Erlang advisor

Tuesday, October 27, 2015

When to spawn a process?

Process spawning model

One of the most popular mistakes in Erlang development is a wrong choice of process spawning model. Basically people spawn too many or too few processes. On internet there are many recommendations on when to spawn a process. One of them is "process per message", which encourages to spawn a process for each concurrent entity. It could be not completely clear or could even be misunderstood. An example below illustrates different variants of spawning model.

Public key encryption example

It's needed to build an Erlang application, which provides functionality of public key encryption. Encryption could take a significant time, and algorithm is implemented in pure Erlang. Clients of the application should call a function encrypt/1, providing a data to be encrypted as an argument. The application should manage keys without exposing that complexity to end users. Encryption key is stored in file on disk.

0 processes

The first naive implementation could be the following:

encrypt(Data) ->
  {ok, Key} = file:read_file(?KEY_FILE_PATH),
  encrypt(Key, Data).

On each encryption request key file is read and it's content is passed as argument to the algorithm together with data. Slow disk operation is probably something, we would like to minimize in our system.

1 process

The more advanced implementation is a gen_server, which caches the key in it's state in init/1 callback and does an encryption in handle_call/3.

encrypt(Data) ->
  gen_server:call(?SERVER, {data, Data}).

start_link() ->
  gen_server:start_link({local, ?SERVER}, ?MODULE, [], []).

init([]) ->
  {ok, Key} = file:read_file(?KEY_FILE_PATH),
  {ok, #state{key = Key}}.

handle_call({data, Data}, _From, State) ->
  Enc = encrypt(State#state.key, Data),
  {reply, Enc, State}.

This approach eliminates the problem with constant disk reading, but might lead to the process's queue being overwhelmed by requests, because new encryption process can not be started until previous one is finished.

1+N processes

Some people improve performance of the previous example with spawning a new process, which does the actual encryption, in handle_call.

handle_call({data, Data}, From, State) ->
  erlang:spawn(fun() ->
    Enc  = encrypt(State#state.key, Data),
    gen_server:reply(From, Enc)
  end),
  {noreply, State}.

< That speeds things up, but leads to complicated and error-prone logic in the main "dispatcher" process, which should now monitor all other process it spawns as well as take care of reporting errors back to clients.

Pool of processes

Another alternative could be using one of pooling libraries, which organizes pre-allocated workers and takes care of task dispatching.

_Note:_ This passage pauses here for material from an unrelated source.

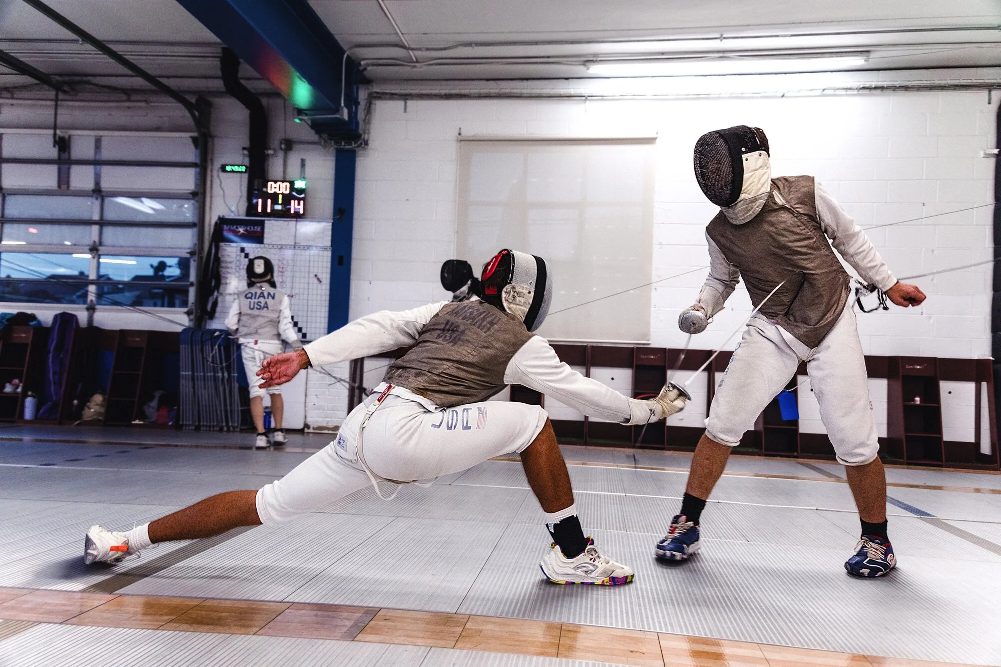 Two male fencers in white fencing gear, one with 'Lee USA' on the back, engaged in a fencing match inside a fencing salle, with other participants and officials in the background.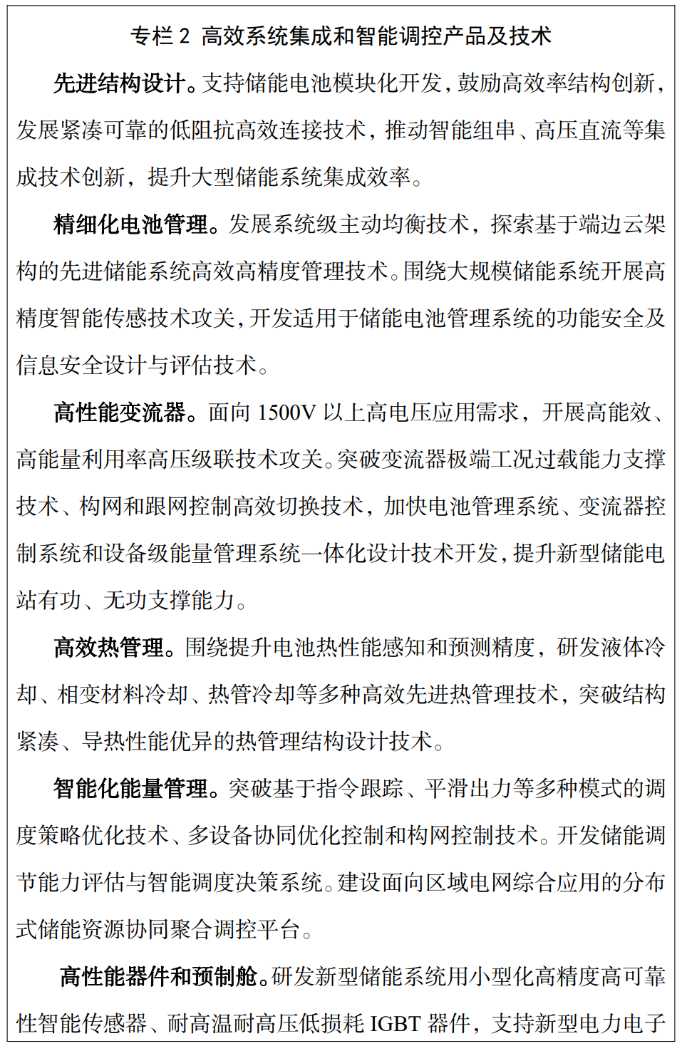 推动新型储能与新一代信息技术深度融合,通过对系统能量流和信息流的经济配置、功能优化运行、逻辑有效衔接,实现储能系统高效集成和精准调控,提升新型储能产品智能化水平。聚焦系统结构设计、精细化电池管理、高效热管理和能量管理、辅助设备集成、高性能预制舱等技术开展集中攻关,提高先进功率半导体、智能传感器、电源管理芯片、大功率高效变流器等关键核心器件与部件供给能力。面向大规模新能源消纳和源网荷储一体化需求,推动新型储能集群协同控制、分布式储能聚合控制等技术创新。

Basically worker's code is the same as in example with single process besides that it should not be registered with name neither locally nor globally.

start_link() ->
  gen_server:start_link(?MODULE, [], []).

Again 1 process

But if we analyze the original task, we see, that we cache in state only the key. So the only thing, that needs to be done in handle_call is obtaining the key, and heavy encryption algorithm call could be moved to the context of client's process.

encrypt(Data) ->
  Key = gen_server:call(?SERVER, get_key),
  encrypt(Key, Data).

handle_call(get_key, _From, State) ->
  {reply, State#state.key, State}.

Getting a key from process's state is a relatively fast operation, thereby gen_server is not a bottle neck anymore.

Conclusion

Examples illustrate how good process spawning model can lead to efficient, simple and elegant code.
The rule of thumb for spawning could be the following:
A new process should be started to serialize an access to a shared resource. The resource could be cached memory, file descriptor(socket) and so on. People from C/C++ world can think about a process as about mutex. This rule might not fit all scenarios, but could be considered as a good starting point for design. It leads to elegant and highly concurrent code.
There are some exceptions of course. First of all, "let it crash" principle, which encourages to spawn a process for a code, which likely crashes.
Also people should not mix cached memory with memory for objects (in terms of OOP). For example, in online real-time strategy game there is a number of units, which belong to a specific user. Each unit stores in memory it's state, but developer should not spawn a process per unit. In fact shared resource in that case is user's session, which is represented by tcp socket. By analogy with OS mutex it's unlikely that synchronization primitive is needed for each unit in game.
Another exception could be a situation, when it's easier to describe some algorithm as Finite State Machine (FSM). It might be reasonable to spawn a process, which implements gen_fsm behaviour.

Sunday, September 13, 2015

Erlang enum

Rationale

One day each Erlang developer with C/C++ background tries to find mechanism similar to enum. Enum it's light-weight datatype with all possible values enumerated. There are multiple options of Erlang implementation.

Macros

Many developers just define macros with some meaningful name and unique (within enumeration) value.

-define(AUTH_ERROR, 404).
-define(FORMAT_ERROR, 400).
-define(INTERNAL_ERROR, 500).

Usage of such enums requires including header file with definition. Typo in macro's name would lead to compilation error.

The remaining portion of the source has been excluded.